Description: Add request headers. Pipe-separated name:value pairs.

Usage:

annotations:
  haproxy-ingress.github.io/headers: "X-Custom-Header:value|X-Another:test"

SSL Features

haproxy-ingress.github.io/ssl-passthrough

Status: ✅ Supported

Description: Enable TCP-level SSL passthrough (Layer 4) where HAProxy routes based on SNI without terminating SSL.

Usage:

apiVersion: networking.k8s.io/v1
kind: Ingress
metadata:
  name: ssl-passthrough-example
  annotations:
    haproxy-ingress.github.io/ssl-passthrough: "true"
spec:
  tls:
    - hosts:
        - secure.example.com
  rules:
    - host: secure.example.com
      http:
        paths:
          - path: /
            pathType: Prefix
            backend:
              service:
                name: secure-backend
                port:
                  number: 443

Implementation notes:

  • Uses SNI-based routing in TCP mode
  • Backend receives encrypted traffic and terminates SSL
  • HTTP-level features (headers, path rewriting) are not available for passthrough traffic
  • Mixed passthrough and termination on different hosts is supported

Authentication

haproxy-ingress.github.io/auth-secret

Status: ✅ Supported

Description: Enable basic authentication using credentials from a Kubernetes Secret.

Related annotations:

Annotation Description Default
auth-secret Secret name (or namespace/name) -
auth-realm Authentication realm Restricted

Usage:

annotations:
  haproxy-ingress.github.io/auth-secret: "basic-auth"
  haproxy-ingress.github.io/auth-realm: "Protected Area"

Secret format:

apiVersion: v1
kind: Secret
metadata:
  name: basic-auth
type: Opaque
data:
  # Key: username, Value: base64-encoded bcrypt hash (NOT htpasswd format)
  admin: JDJ5JDA1JG1OMVdWazVRbmJnNFF3ZEFkWGJmei44YjNjZUg2UTVLT1ZDS3hSMklrTkFmSmdMaTVwSUtX

Generate password hash:

htpasswd -nbB admin mypassword | cut -d: -f2 | base64 -w0

External Authentication

The library wires the haproxy-ingress.github.io/auth-* annotation family to the SPOA hub's external-auth plugin (v0.3.0+). When set, each request hits an HTTP auth subrequest before reaching the backend; the auth service's status code decides whether HAProxy forwards the request, redirects to a sign-in URL, or returns 401.

Prerequisites

The SPOA hub sidecar with the external-auth plugin must be enabled:

spoaHub:
  plugins:
    external-auth:
      enabled: true

The hub auto-enables when any plugin is on, and the spoa-hub template library auto-loads when the hub is enabled. See the SPOA Hub operations guide for the full deployment surface.
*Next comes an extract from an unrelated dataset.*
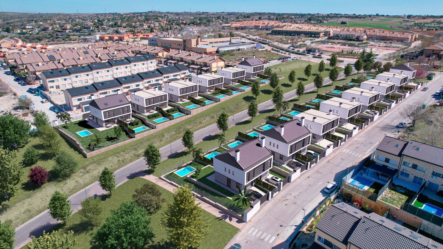 ## Life in the city VillalbillaThe city of Villalbilla provides a full range of services and amenities, including medical centers, supermarkets, banks, gas stations, and large sports facilities complete with paddle and tennis courts, soccer fields, gyms, and both indoor and outdoor swimming pools. Excellent connectivity via major highways ensures you're only moments away from shopping centers and the Alcalá de Henares train station, with easy access to Madrid’s airport in 20 minutes and the city center in just 30 minutes.

Host-less rules error at render time

All external-auth annotations key their per-route lookup tables by host+path. An Ingress rule without an explicit host cannot be enforced — silently skipping auth on a route the operator marked protected would be a security failure mode. The chart fails the Helm render with an explicit error identifying the offending Ingress; add a host: to the rule to fix.


haproxy-ingress.github.io/auth-url

Status: ✅ Supported

Description: Auth service URL the SPOA hub calls per request. The plugin appends the original request path, sends a GET (overridable via auth-method), and gates the request based on the response status: 2xx allows, 3xx with auth-signin redirects, anything else returns 401.

Usage:

annotations:
  haproxy-ingress.github.io/auth-url: "https://auth.example.com/check"

Generated HAProxy Configuration:

http-request set-var(txn.auth_url) var(txn.host_match),concat(,txn.path,),map(maps/auth-url.map)
http-request send-spoe-group spoa-hub check-auth-group if { var(txn.auth_url) -m found }
http-request deny deny_status 401 if { var(txn.auth_url) -m found } !{ var(txn.hub.external_auth.allowed) -m bool }

The matching auth-url.map entry:

app.example.com/api https://auth.example.com/check

haproxy-ingress.github.io/auth-signin

Status: ✅ Supported

Description: Browser-flow sign-in URL. When set, an auth failure produces a 302 redirect instead of a 401 — the standard pattern for OIDC / SAML flows where unauthenticated users go to a login page. The deny rule still emits, so routes without auth-signin keep the API-friendly 401.

Usage:

annotations:
  haproxy-ingress.github.io/auth-url: "https://auth.example.com/check"
  haproxy-ingress.github.io/auth-signin: "https://login.example.com/oauth2/start"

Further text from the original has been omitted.